Masuk Daftar
My Getplus

Kado Istimewa Pernikahan

Tinimbang mempersembahkan permata dan benda berharga, Mangkunegara VII memilih pentas tari sebagai kado pernikahan.

Oleh: Yudi Anugrah Nugroho | 12 Feb 2014
Gusti Nurul, putri Mangkunegara VII, menari tari Sari Tunggal, sebagai kado istimewa pernikahan Ratu Juliana dan Pangeran Bernhard. Foto: KITLV.

KGPAA Mangkunegara VII ingin memberikan kado istimewa untuk pernikahan Putri Juliana, anak Ratu Belanda Wilhelmina, dengan Pangeran Bernhard. Sementara raja-raja lain di Nusantara mempersembahkan permata dan benda-benda berharga, dia memilih pentas tari. Kado itu semakin istimewa karena putrinya yang cantik, Siti Noeroel Kamaril Ngasarati Koesoemo Wardhani atau kerap disapa Gusti Nurul, bakal jadi penarinya.

Romo (bapak), mempunyai gagasan dalam tarianku,” ujar Gusti Nurul, lahir pada 17 September 1921, dalam Lembar Kenangan Gusti Noeroel.
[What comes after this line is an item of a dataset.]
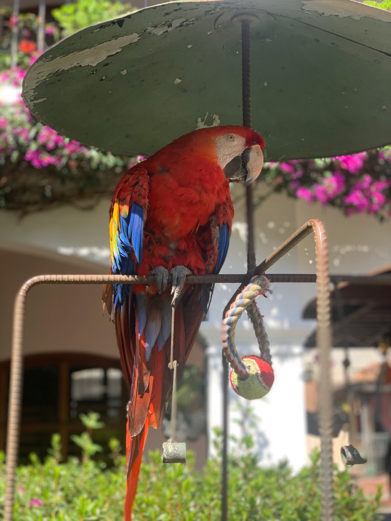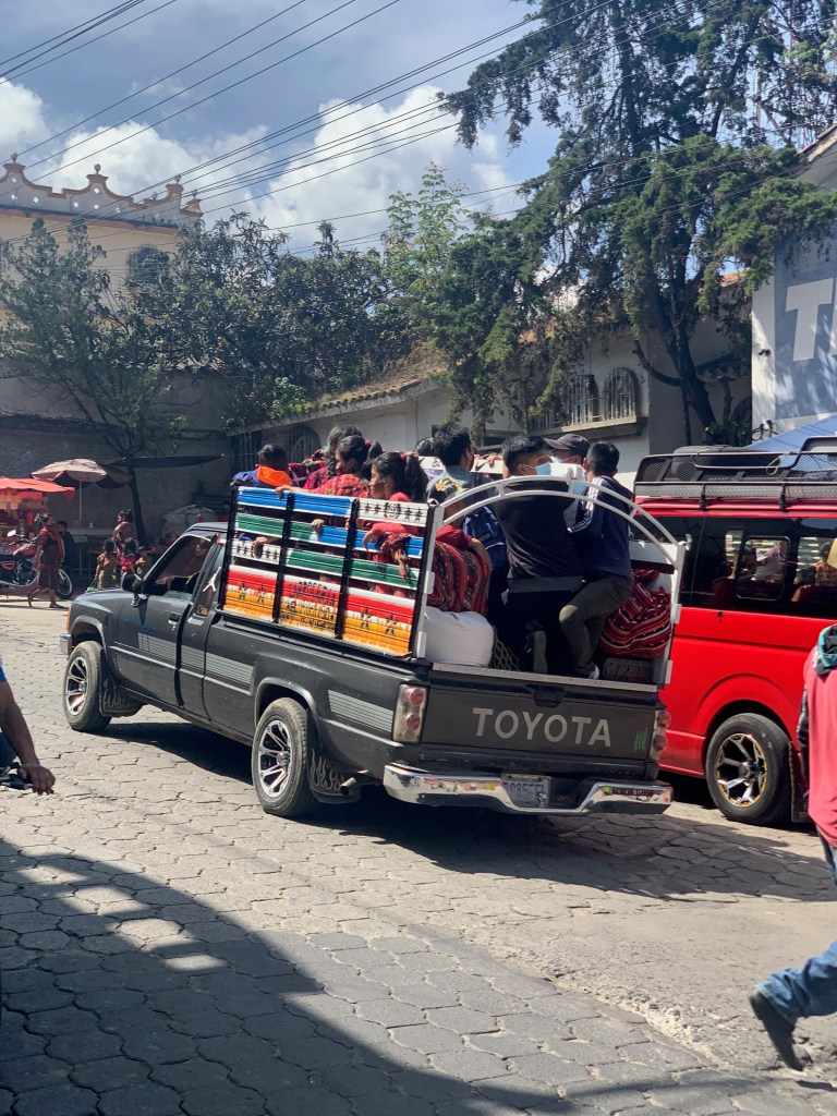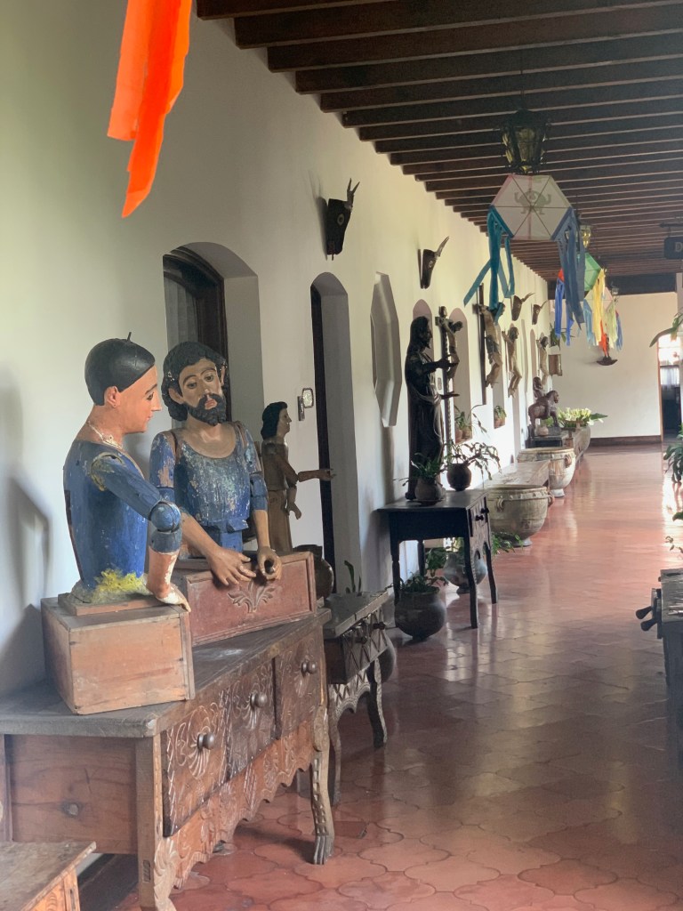 I boarded a water taxi that was hailed by waving to them as they zoomed by from the loading dock of my hotel. My driver picked me up from the Panajachel docks and we drove 2hrs to Chichicastenango but before I entered the market we stopped at a green oasis in the center of town; Hotel Santo Tomas for breakfast. This hotel is so beautiful it deserves a separate post, from the beautiful rooms, exotic garden and talking parrots to the art and food, everything was perfect.

Pementasan tari akan diiringi gamelan Kyai Kanyut Mesem yang dimainkan di Pura Mangkunagaran, Solo. Alunan gamelan dipancarkan secara langsung melalui stasiun radio Solosche Radio Vereeniging (SRV) ke Negeri Belanda. Tarian yang dipilih Sari Tunggal, “tari dari Keraton Yogyakarta yang selama ini telah kupelajari dari kakak ibuku, Pangeran Tedjo Koesoemo,” kata Gusti Nurul.

Advertising
Advertising

Rangkaian acara pernikahan akan digelar pada Desember 1936-Januari 1937. Mengingat perjalanan jauh dan menyita waktu, Mangkunegara VII dan permaisuri GKR Timur serta Gusti Nurul berangkat pada Agustus 1936. 

Dalam perjalanan, di atas kapal Marnix, Gusti Nurul menyempatkan diri berlatih. Setelah tiba di Italia, perjalanan disambung dengan keretapi. Mereka tiba di Amsterdam pada 16 November 1936, lalu bertolak ke Den Haag pada 1 Desember 1936.
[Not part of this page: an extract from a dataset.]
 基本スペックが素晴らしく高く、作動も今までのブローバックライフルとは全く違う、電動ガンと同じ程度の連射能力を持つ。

Menurut Harry A. Poeze dalam Di Negeri Penjajah, inilah untuk pertama kalinya seorang raja Jawa yang sedang berkuasa berkunjung ke Negeri Belanda. Selama empat bulan rombongan menginap di Puri Oud-Wassenar.

Panitia pernikahan Putri Juliana baru mengetahui rencana pementasan tari saat rombongan tiba di Belanda. Menurut Hary Wiryawan dalam Mangkoenegoro VII & Awal Penyiaran Indonesia, pihak panitia semula keberatan dengan pementasan itu dengan alasan waktu persiapan singkat untuk acara yang rumit. Namun, setelah diyakinkan Mangkunegara VII, pementasan tari masuk dalam susunan acara.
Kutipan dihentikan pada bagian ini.